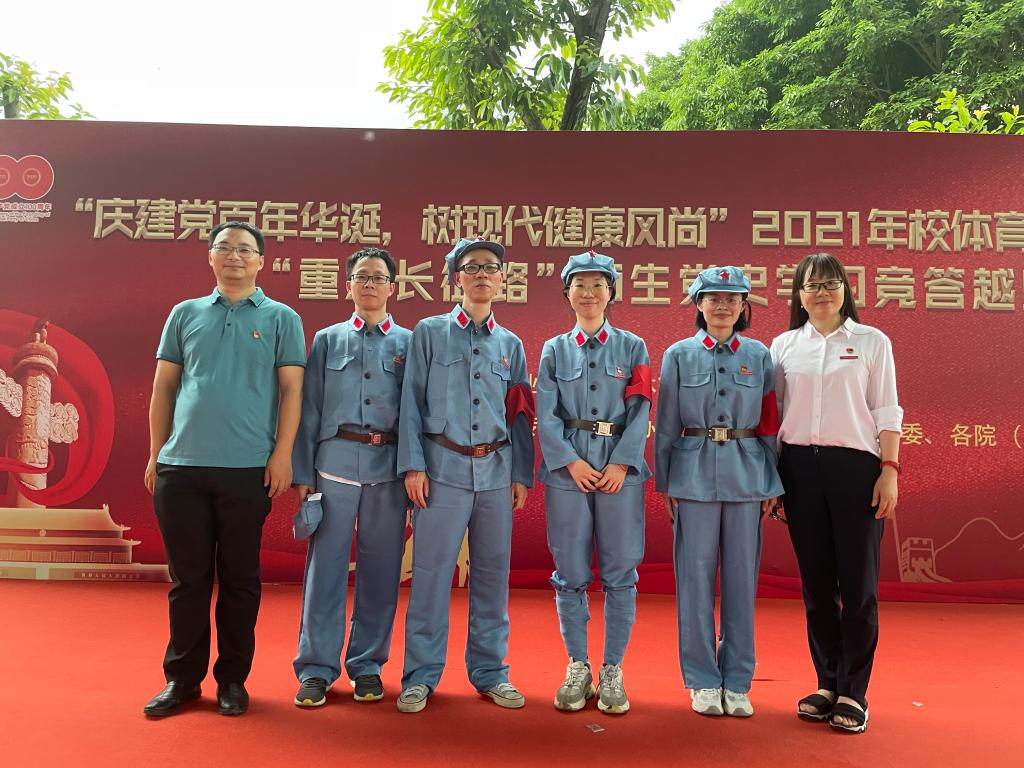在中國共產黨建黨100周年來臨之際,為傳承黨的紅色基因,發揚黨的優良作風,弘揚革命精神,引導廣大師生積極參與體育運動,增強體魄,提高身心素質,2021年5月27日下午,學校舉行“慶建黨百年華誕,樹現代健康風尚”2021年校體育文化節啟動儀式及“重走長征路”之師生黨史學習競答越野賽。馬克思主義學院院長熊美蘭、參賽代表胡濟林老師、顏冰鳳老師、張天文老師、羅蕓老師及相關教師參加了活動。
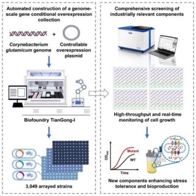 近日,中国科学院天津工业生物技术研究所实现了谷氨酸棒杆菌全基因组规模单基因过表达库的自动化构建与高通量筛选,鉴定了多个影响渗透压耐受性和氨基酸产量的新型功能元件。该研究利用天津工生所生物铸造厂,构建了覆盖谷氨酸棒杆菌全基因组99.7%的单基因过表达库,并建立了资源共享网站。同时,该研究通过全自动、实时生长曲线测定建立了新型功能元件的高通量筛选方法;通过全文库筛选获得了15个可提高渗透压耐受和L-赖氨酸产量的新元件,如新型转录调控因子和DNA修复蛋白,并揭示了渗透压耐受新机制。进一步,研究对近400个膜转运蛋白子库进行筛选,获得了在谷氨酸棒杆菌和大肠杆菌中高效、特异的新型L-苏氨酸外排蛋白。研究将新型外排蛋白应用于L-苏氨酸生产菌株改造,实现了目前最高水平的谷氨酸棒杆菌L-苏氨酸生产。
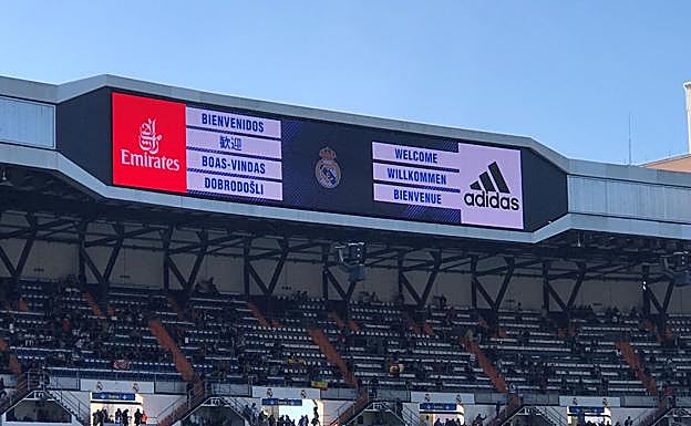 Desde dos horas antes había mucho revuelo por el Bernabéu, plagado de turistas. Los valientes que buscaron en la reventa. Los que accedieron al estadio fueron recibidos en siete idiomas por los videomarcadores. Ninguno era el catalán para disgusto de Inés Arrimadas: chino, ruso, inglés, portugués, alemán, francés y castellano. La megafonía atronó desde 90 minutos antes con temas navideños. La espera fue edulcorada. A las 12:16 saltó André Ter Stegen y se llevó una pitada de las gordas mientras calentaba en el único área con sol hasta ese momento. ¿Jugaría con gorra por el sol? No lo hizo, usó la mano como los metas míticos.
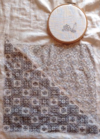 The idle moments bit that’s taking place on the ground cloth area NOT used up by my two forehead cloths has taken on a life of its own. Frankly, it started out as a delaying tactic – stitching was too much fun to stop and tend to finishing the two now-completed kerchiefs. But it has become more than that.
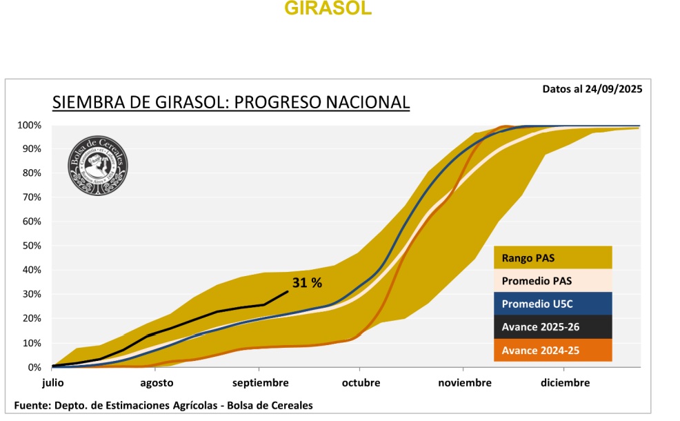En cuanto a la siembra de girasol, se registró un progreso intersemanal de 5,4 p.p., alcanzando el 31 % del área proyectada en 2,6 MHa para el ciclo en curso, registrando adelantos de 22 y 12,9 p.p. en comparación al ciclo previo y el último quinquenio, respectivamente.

□ □ □ □

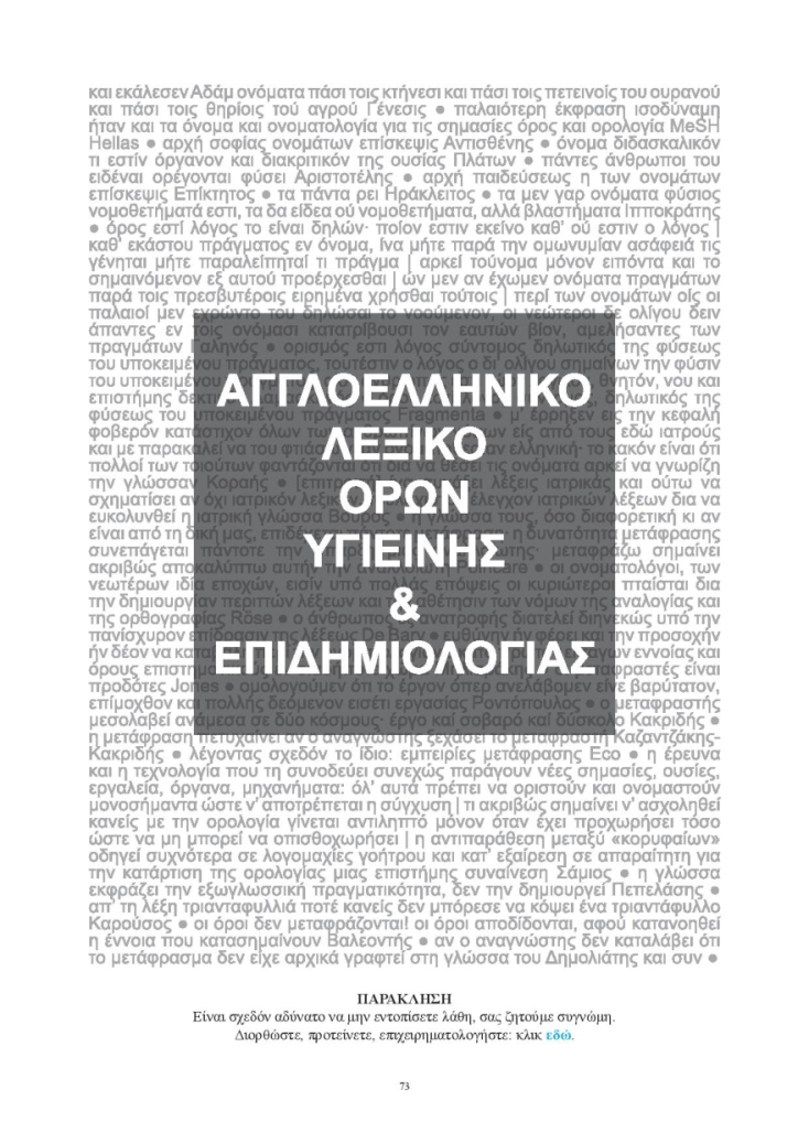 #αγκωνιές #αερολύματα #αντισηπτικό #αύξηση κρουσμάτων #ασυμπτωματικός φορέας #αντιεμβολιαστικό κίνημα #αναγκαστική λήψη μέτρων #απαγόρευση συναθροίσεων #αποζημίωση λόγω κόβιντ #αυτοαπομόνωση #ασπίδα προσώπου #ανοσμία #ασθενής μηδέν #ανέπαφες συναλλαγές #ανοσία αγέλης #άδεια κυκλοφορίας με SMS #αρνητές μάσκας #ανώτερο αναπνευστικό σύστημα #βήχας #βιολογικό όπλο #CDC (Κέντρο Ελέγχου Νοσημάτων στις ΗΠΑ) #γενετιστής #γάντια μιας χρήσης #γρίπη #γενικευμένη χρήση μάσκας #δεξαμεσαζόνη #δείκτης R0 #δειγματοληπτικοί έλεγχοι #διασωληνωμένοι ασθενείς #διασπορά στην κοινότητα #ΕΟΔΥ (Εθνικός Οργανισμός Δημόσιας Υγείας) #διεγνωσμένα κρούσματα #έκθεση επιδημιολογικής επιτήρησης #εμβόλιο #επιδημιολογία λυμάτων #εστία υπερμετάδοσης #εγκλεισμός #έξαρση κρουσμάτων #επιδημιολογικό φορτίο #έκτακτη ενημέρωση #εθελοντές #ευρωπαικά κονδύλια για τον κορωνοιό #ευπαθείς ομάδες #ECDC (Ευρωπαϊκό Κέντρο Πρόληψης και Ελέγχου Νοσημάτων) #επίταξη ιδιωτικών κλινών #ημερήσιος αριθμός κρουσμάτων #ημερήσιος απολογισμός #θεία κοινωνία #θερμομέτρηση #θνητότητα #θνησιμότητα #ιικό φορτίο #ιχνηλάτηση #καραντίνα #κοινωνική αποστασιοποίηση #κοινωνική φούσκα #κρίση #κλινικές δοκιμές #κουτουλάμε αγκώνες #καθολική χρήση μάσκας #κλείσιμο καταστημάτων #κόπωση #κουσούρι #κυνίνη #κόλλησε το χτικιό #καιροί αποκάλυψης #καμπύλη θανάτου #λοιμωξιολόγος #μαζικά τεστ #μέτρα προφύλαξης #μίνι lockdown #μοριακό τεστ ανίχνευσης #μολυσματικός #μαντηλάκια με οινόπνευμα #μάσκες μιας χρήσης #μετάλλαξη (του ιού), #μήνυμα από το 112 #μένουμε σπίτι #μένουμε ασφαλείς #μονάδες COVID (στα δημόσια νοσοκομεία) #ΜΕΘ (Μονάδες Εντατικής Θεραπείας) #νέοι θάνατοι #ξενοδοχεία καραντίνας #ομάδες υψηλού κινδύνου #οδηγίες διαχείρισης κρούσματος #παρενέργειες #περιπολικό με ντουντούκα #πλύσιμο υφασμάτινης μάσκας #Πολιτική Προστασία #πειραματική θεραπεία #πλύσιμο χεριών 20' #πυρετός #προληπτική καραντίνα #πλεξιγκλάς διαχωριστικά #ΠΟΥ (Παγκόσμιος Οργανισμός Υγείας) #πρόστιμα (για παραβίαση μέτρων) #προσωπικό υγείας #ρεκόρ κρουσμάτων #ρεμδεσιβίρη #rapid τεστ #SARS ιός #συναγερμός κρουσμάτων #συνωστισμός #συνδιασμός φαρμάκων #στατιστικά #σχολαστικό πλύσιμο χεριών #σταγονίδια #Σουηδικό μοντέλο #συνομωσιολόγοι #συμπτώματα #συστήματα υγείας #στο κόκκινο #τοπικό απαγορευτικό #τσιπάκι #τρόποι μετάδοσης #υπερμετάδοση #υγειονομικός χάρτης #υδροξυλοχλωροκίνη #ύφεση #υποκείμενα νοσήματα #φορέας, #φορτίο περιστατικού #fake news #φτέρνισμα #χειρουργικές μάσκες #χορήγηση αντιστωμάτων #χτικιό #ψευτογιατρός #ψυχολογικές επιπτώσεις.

□ □ □ □

Task goal: Print, exactly, each line above from the one with "Desde dos horas" to the one with "En cuanto a", end lines included. Leave pictures out of it.

Solution to this exercise:
 Desde dos horas antes había mucho revuelo por el Bernabéu, plagado de turistas. Los valientes que buscaron en la reventa. Los que accedieron al estadio fueron recibidos en siete idiomas por los videomarcadores. Ninguno era el catalán para disgusto de Inés Arrimadas: chino, ruso, inglés, portugués, alemán, francés y castellano. La megafonía atronó desde 90 minutos antes con temas navideños. La espera fue edulcorada. A las 12:16 saltó André Ter Stegen y se llevó una pitada de las gordas mientras calentaba en el único área con sol hasta ese momento. ¿Jugaría con gorra por el sol? No lo hizo, usó la mano como los metas míticos.
 The idle moments bit that’s taking place on the ground cloth area NOT used up by my two forehead cloths has taken on a life of its own. Frankly, it started out as a delaying tactic – stitching was too much fun to stop and tend to finishing the two now-completed kerchiefs. But it has become more than that.
En cuanto a la siembra de girasol, se registró un progreso intersemanal de 5,4 p.p., alcanzando el 31 % del área proyectada en 2,6 MHa para el ciclo en curso, registrando adelantos de 22 y 12,9 p.p. en comparación al ciclo previo y el último quinquenio, respectivamente.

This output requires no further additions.